Copper & Gold: Cornerstones of the Energy Transition and Financial Stability

The strategic metals market is entering a strong expansion phase, driven by powerful structural forces: global electrification, energy transition, digitalization, and geopolitical tensions. Two metals are currently in the spotlight for investors: copper, essential for all electrical and technological infrastructure, and gold, the ultimate safe-haven asset in a world of monetary uncertainty, declining real yields, and record central-bank purchases.

Current economic environment

Copper: A structural shortage in an electrifying world

Copper has just reached a new record high at USD 11,450/ton, driven by:

  • A weaker dollar, increasing the attractiveness of USD-denominated commodities,

  • Supply constraints, especially falling production in Chile, the world’s largest producer,

  • Structural demand from the global energy transition, especially:

    • electric vehicles,

    • smart electrical grids,

    • charging infrastructure,

    • data centers and AI (huge energy consumption).

Analysts expect a chronic supply shortage through 2028, as new mining projects require 7–12 years to come online while global demand continues to rise steadily.

Gold: Driven by Central Bank buying and geopolitical risk

Gold has risen to USD 4,235/oz, supported by:

  • Massive central bank purchases, with 53 tonnes acquired in October (World Gold Council),

  • Significant buying from Poland and Brazil,

  • Expectations of a weakening USD,

  • Persistent geopolitical uncertainty,

  • A global search for tangible stores of value ahead of key U.S. elections.

The long-term trend remains very positive: gold is increasingly viewed as a strategic de-dollarization tool by emerging-market central banks.

Investment thesis: why own companies in this sector?

Rare combination of structural growth + inflation protection

Industrial metals (copper) and precious metals (gold) offer a unique combination:

  • Growth linked to the energy transition,

  • Systemic protection during geopolitical shocks,

  • A hedge against a declining dollar and rising macro volatility.

Chronic Underinvestment → Long-Term Upside

Major mining companies have underinvested in new capacity for a decade.

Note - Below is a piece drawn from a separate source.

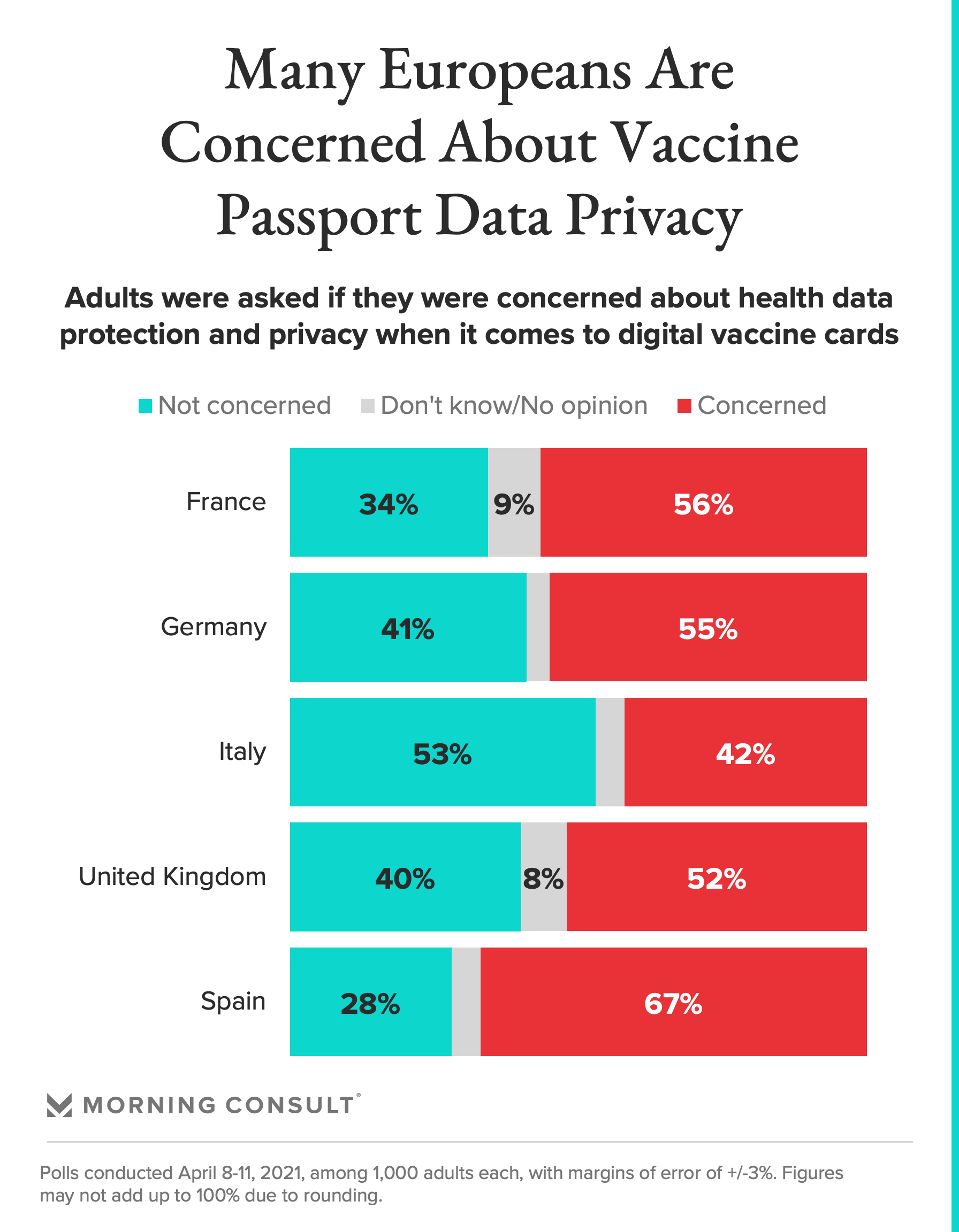 Europeans also held varying opinions about who should be involved with creating vaccine passports, if at all. Italian adults were the most likely to say the government should develop digital vaccination certificates without input from private companies, at 50 percent, and the least likely to say they were concerned about health data privacy and protection, at 42 percent.

This results in:

  • a structural supply deficit,

  • high price elasticity when demand accelerates.

Copper is now widely described as the “oil of the electric era.”

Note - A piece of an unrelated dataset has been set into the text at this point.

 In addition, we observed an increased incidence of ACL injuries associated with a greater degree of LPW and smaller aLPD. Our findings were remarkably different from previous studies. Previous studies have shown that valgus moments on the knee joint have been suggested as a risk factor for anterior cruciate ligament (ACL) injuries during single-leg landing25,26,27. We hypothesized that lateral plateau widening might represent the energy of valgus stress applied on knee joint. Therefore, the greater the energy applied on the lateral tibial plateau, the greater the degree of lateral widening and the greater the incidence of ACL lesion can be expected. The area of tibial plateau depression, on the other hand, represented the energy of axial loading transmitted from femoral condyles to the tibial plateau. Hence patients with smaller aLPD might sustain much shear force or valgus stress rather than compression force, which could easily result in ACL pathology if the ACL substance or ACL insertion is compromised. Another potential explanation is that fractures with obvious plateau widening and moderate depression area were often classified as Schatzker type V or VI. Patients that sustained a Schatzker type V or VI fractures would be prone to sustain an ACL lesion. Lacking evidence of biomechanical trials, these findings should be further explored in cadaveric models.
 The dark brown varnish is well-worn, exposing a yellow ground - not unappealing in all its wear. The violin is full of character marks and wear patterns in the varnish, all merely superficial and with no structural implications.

Mining stocks benefit from operational leverage

When the metal price rises by 10%,
producer earnings can rise 30–50%,
thanks to operational leverage.

This creates stronger equity performance versus the underlying commodity.

Gold is reinforcing its role as a strategic reserve asset

Central banks, especially emerging markets, are clearly pursuing a strategy of:

  • diversifying away from the USD,

  • building gold reserves,

  • protecting themselves against geopolitical sanctions.

This creates a strong, non-speculative source of demand — a key long-term driver.

In Summary: Why Buy?

  • Copper: structural growth, production constraints, critical role in electrification.

  • Gold: safe haven, central bank buying, hedge against volatility.

  • Mining equities: attractive leverage + still reasonable valuations.

This sector currently offers one of the best risk/return and systemic-protection profiles in the global market.